* _Dataset excerpts_
== == ==

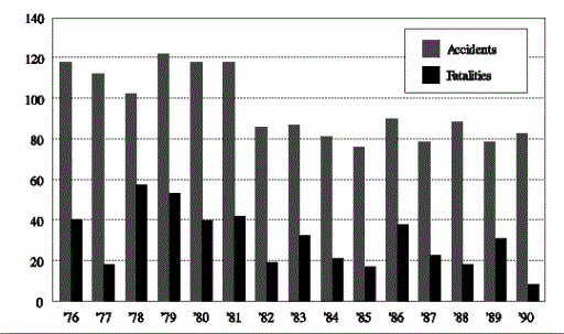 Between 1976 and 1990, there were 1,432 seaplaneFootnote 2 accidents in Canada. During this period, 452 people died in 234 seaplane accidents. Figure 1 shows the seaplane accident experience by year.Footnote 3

== == ==

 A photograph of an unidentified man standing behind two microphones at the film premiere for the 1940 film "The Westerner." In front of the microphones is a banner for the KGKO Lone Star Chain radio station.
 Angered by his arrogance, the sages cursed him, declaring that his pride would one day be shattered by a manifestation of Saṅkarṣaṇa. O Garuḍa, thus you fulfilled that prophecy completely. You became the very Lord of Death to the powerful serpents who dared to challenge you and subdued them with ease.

== == ==

* _Work request_
Scan the records above for the lines holding "A photograph of" and "Angered by his". Transcribe those two and every line between them word for word, and no others.

* _Reply_
 A photograph of an unidentified man standing behind two microphones at the film premiere for the 1940 film "The Westerner." In front of the microphones is a banner for the KGKO Lone Star Chain radio station.
 Angered by his arrogance, the sages cursed him, declaring that his pride would one day be shattered by a manifestation of Saṅkarṣaṇa. O Garuḍa, thus you fulfilled that prophecy completely. You became the very Lord of Death to the powerful serpents who dared to challenge you and subdued them with ease.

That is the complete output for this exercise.